Between Nov. 2012 and Feb. 2017, William Carlson Jr. carried out the “scheme to defraud” and steal money from his client by diverting funds from her account and forging her signature on checks and documents, according to a federal complaint from the U.S. District Court for the Northern District of Illinois.

During that time, Carlson served as a partner and investment adviser at an unnamed company based in west suburban Lincolnshire, prosecutors said. He also worked out of the company’s office in west suburban Lombard.

Carlson was responsible for providing financial advice to his client and overseeing the accounts she held at an unnamed brokerage company, prosecutors said.

Carlson repeatedly provided his client with false balances and fraudulent account statements, prosecutors said. On Feb. 3, Carlson emailed his client a statement for her investment account with the brokerage firm that showed $884,928 in the account as of Jan. 16. However, there was only $48 in the account at that time.

Less than a week later, the FBI recorded Carlson’s meeting with a company compliance officer wherein he admitted to siphoning money from the client’s account for roughly five years, prosecutors said.

“You know, it starts out small,” Carlson said during the conversation. “You think you are going to pay it back.”

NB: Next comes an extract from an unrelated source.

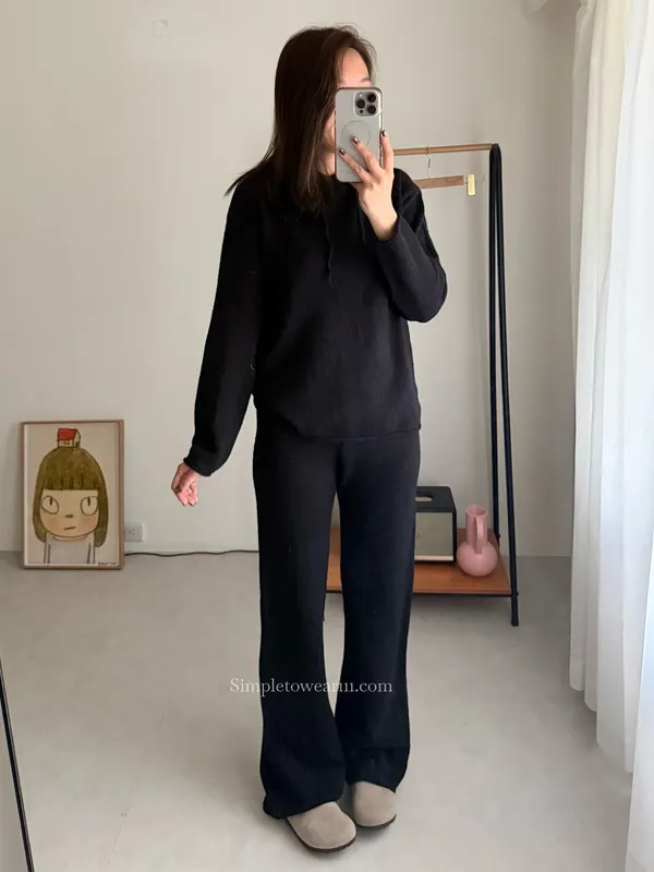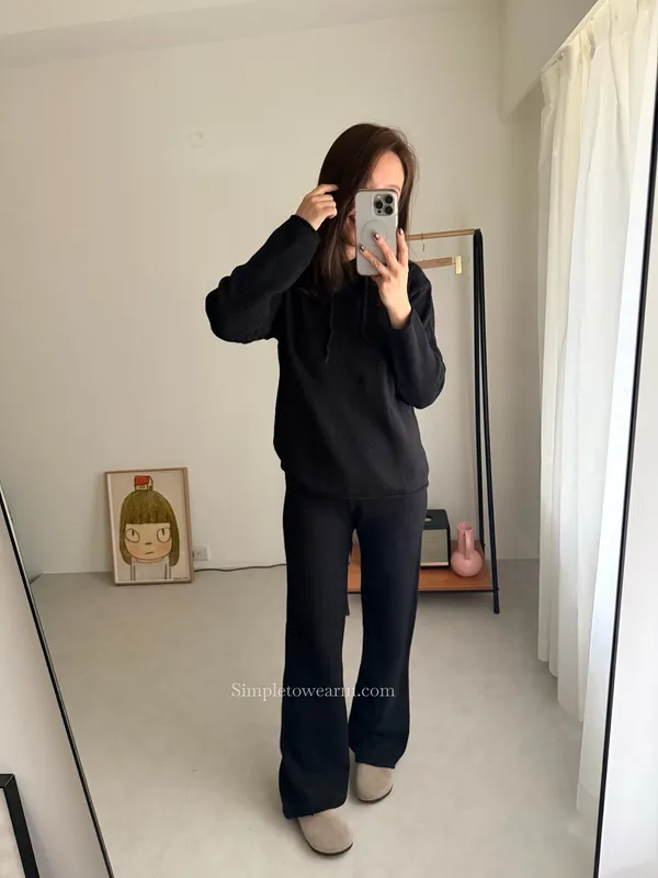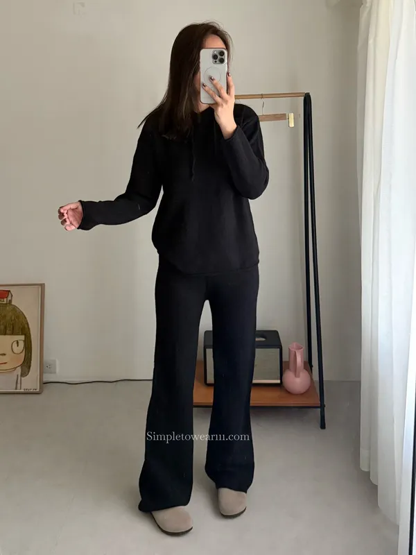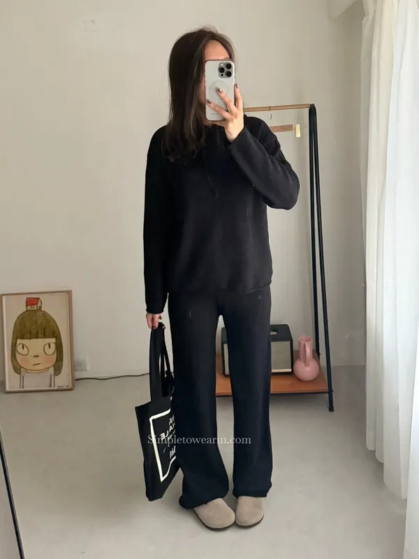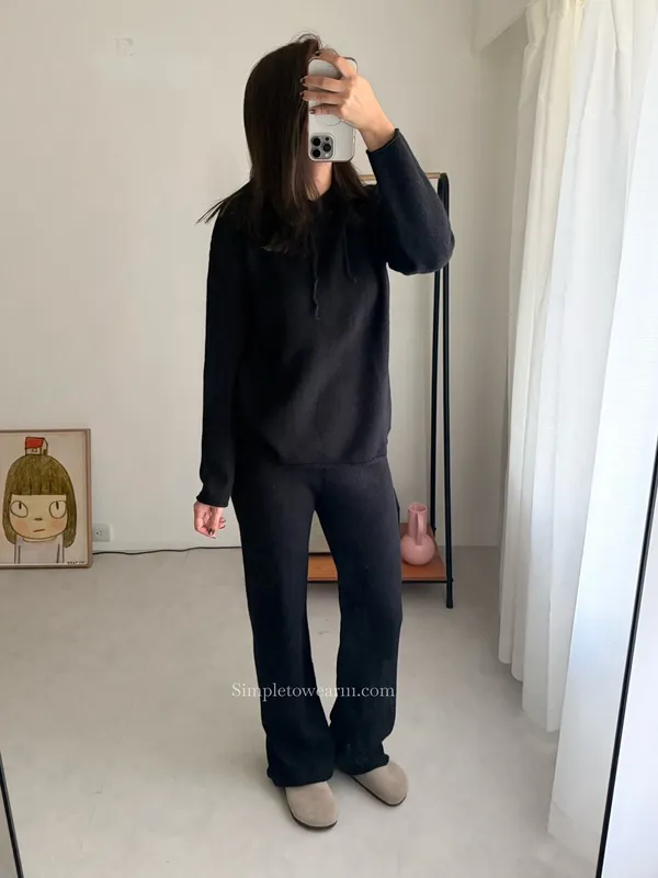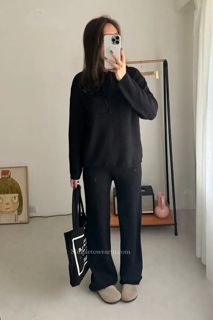 懶人必備~ 針織連帽套裝 (深灰/黑)

Carlson added that he had not taken money from any other client accounts, and targeted this client’s account “because it was easy,” prosecutors said.

During the conversation, Carlson gave the compliance officer a $200,000 personal check as partial repayment for the money he’d taken from her account, and agreed to sign a promissory note to cover the rest of the money that had been taken, prosecutors said. On Feb. 10, he replaced the personal check with a cashier’s check for the same amount.

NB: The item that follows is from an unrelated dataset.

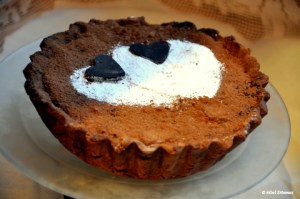 Çikolata sosu donduktan sonra, eğer arzu edersek üzerini çeşitli şekillerde süsleyebiliriz. Ancak sadece kakao serpeleyerek de süslemek mümkündür.
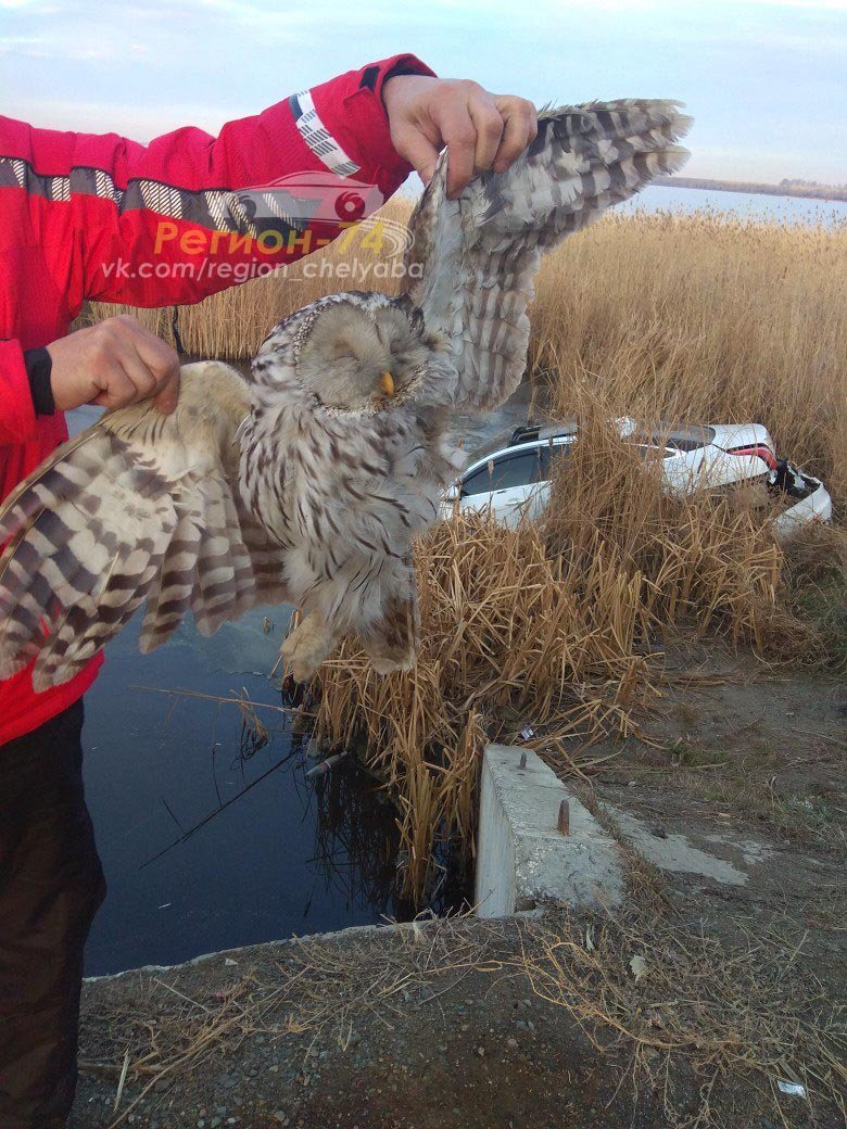 Сова против "Ягуара": под Челябинском птицу обвиняют в ДТП с утонувшим автомобилем

That same day, Carlson began a series of interviews with FBI agents where he admitted to the fraud scheme, prosecutors said.

Carlson told the agents that he caused his client’s checks to be made payable to the account of an unnamed friend, who had no knowledge of the fraud, prosecutors said. Carlson paid the friend $300 or $400 for each time he cashed a check from the victim.

On Feb. 17, the victim told FBI agents that she never authorized Carlson to take money from her account for his own personal benefit, or to issue checks from her account payable to anyone except her, prosecutors said. The victim noted that any time there was an issue with her account, Carlson blamed the brokerage company.

Carlson’s company later transferred over $1 million to repay the victim for the funds that were take, as well as recouping other factors, such a lost interest and market gains, prosecutors said.

On Aug. 24, Carlson pleaded guilty to a single county of mail fraud, prosecutors said. He was sentenced Tuesday to 55 years in prison, as well as one year of supervised release. In addition, he was ordered to pay $911,000 in restitution.